This symposium highlighted the enormous importance of considering the unique issues associated with ageing with HIV, and how we may go about addressing them to ensure the ageing population can be best supported to live a full life. We need to aim for the 4th 90: good health.
The most persuasive reasons for considering this issue is the extent of the need and the number of people involved – I was shocked to realise that in high income countries 31% of people living with HIV (PLHIV) are over 50.
The specific challenges to ageing with HIV identified included survivor guilt, isolation, depression, stigma and discrimination, access other to services, decreased functional capacity as well as HIV and age related comorbidities. Non AIDS related events like cardiovascular disease, metabolic disorders, liver or renal disease etc are more common in PLHIV, even considering age and other risk factors, and number of comorbidities increase with age. This also creates an additional pill burden for many ageing PLHIV. Cultural factors are also of consideration – in countries like Sinapore where the elderly are most commonly cared for by their children, there may be a large cohort of MSM who will not have family or financial support for their care as they age. Stigma can impact preparation for death and funerals – families may ask for status not to be placed on the death certificate.
All speakers discussed various models of care and service delivery, and seem to be on the same page as to thinking about the ageing population living with HIV and how the they can be best supported to Iive a full life.
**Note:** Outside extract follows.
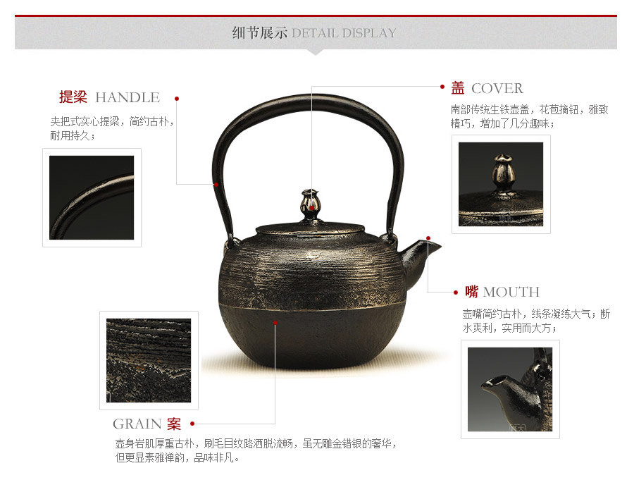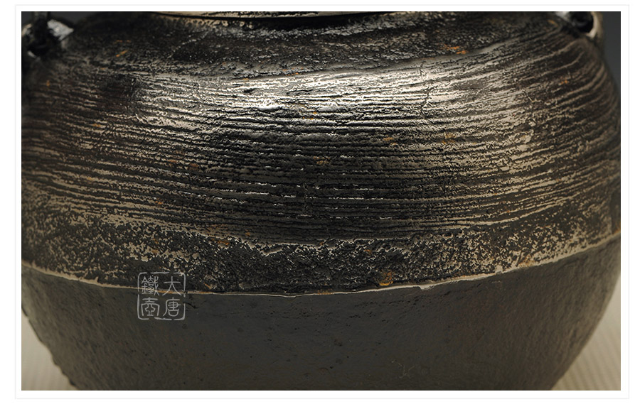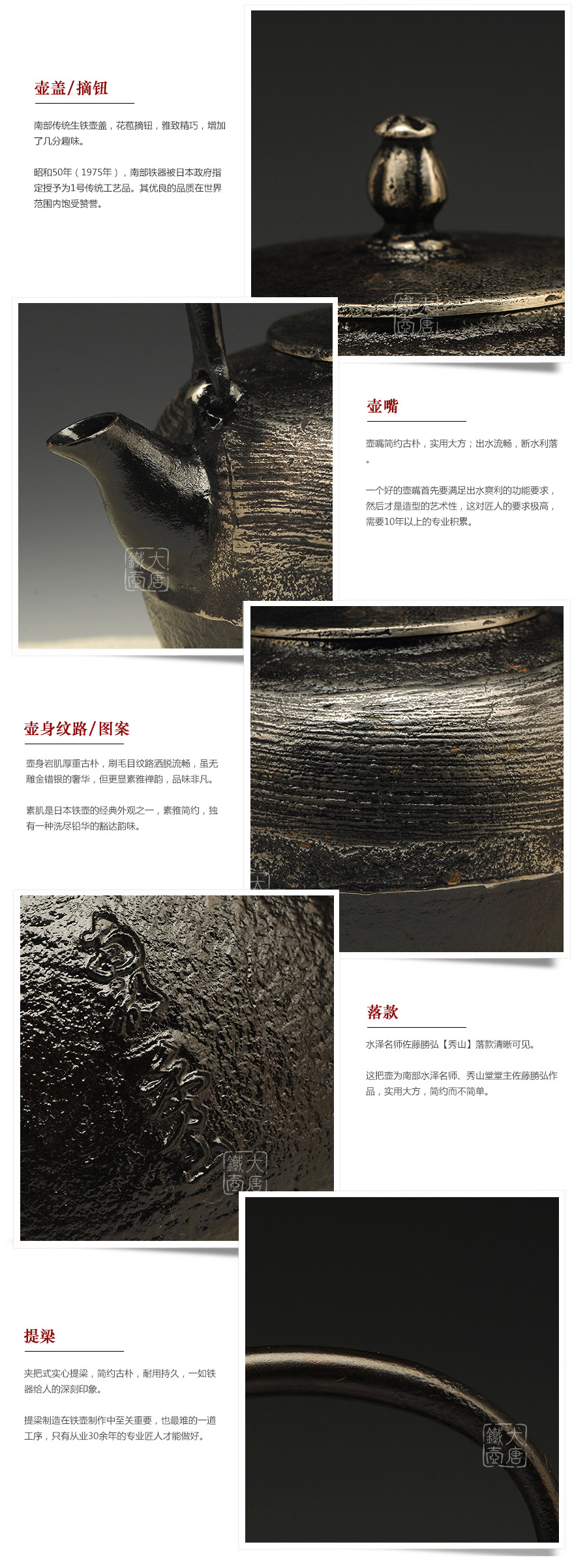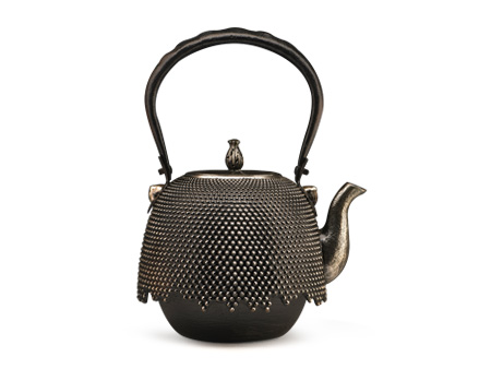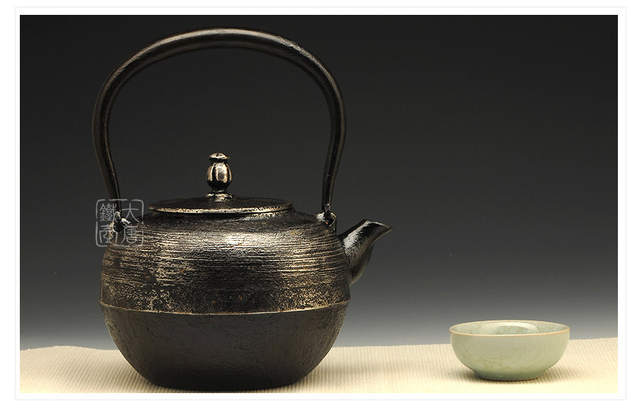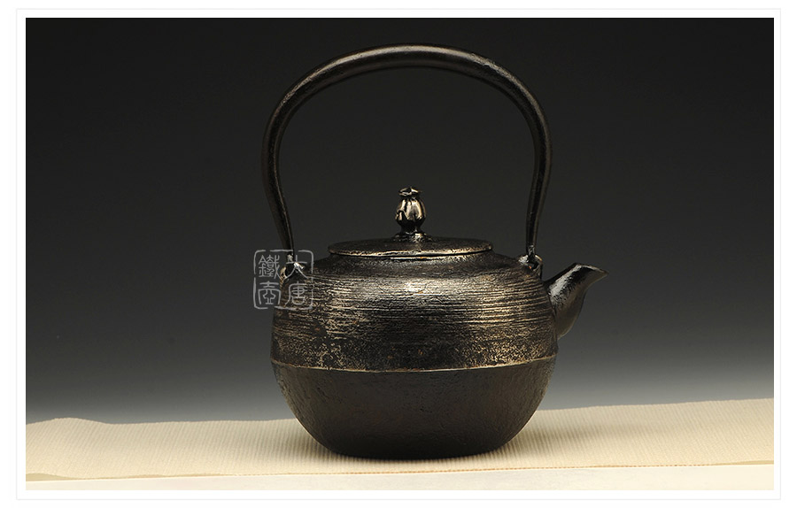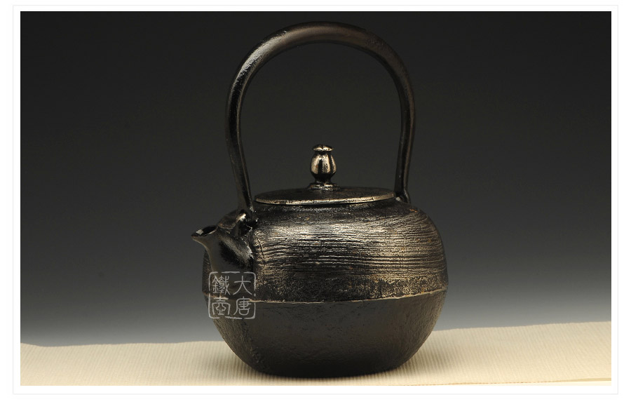 南部是鐵瓶的發(fā)祥地,御釜屋三代仁左衛(wèi)門將“手取釜”改造成鐵瓶,并固定了這種形式。所以從南部鐵瓶中可以明顯地看到茶釜的樣子。南部鐵器的追求古奧深沉的特點(diǎn),大多以黑色來裝飾鐵瓶的表面,以期達(dá)成如長(zhǎng)期受炭火熏燎的樣子。

They all in different ways indicated the key is to teach and to collaborate, maintaining links with the main provider and a partnership with the person – important to listen to individual needs and empower older adults living with HIV to engage with their own care.
Education and Training was named as an essential factor to allow this to happen – GPs, geriatricians, nursing home and aged care staff, social workers, community workers to have education, s100 prescribers to be trained.
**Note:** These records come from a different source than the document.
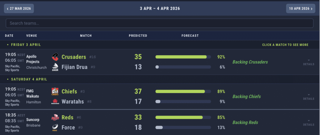 Here are the match predictions courtesy of Rugby4Cast’s predictor algorithm…
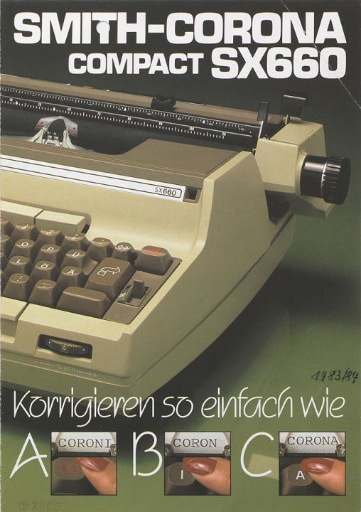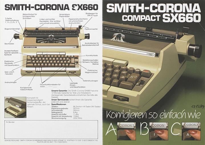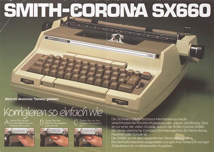 Faltprospekt für elektrische Schreibmaschine Smith-Corona SX660 Korrigieren so einfach wie ABC Datum handschriftlich vermerkt
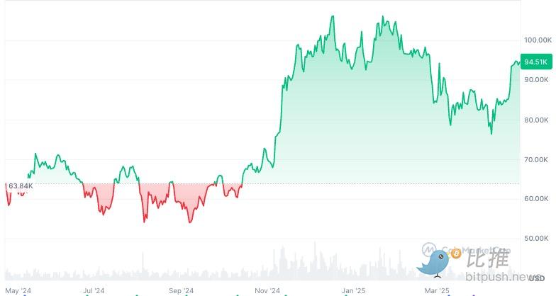 比特币较 1 月 20 日特朗普就职典礼前一天的水平下跌超过 10%,那天比特币价格创下了 109,225 美元的历史新高。道琼斯市场数据显示,本月早些时候,受关税担忧的影响,比特币与其他风险资产一起受到冲击,在 4 月 7 日跌至 74,500 美元以下,截至本文撰写时,又反弹至 94,500 美元左右。

The ASHM presentation proposed a set of services and information of PLHIV aged 50 and over, which incorporated
- risks (cardiovascular diseases, frailty, depression, smoking)
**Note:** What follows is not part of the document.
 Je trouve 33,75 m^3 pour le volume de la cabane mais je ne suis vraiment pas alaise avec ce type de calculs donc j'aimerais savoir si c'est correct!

- age appropriate HIV services (ARTs, HIV prevention and harm reduction, gender responsive sexual health care)
- other general services (dietry counselling and support, nutrition assessment, smoking cessation, exercise promotion, blood pressure monitoring, cholesterol management, mental health care, palliative care, and
- the need for further research on ageing with HIV, improved epi data on HIV in people over 50 and improved understanding of HIV incidence among people over 50
The population of people living with HIV is ageing. We as clinicians and services must be better prepared to meet their needs in order to reach that 4th 90.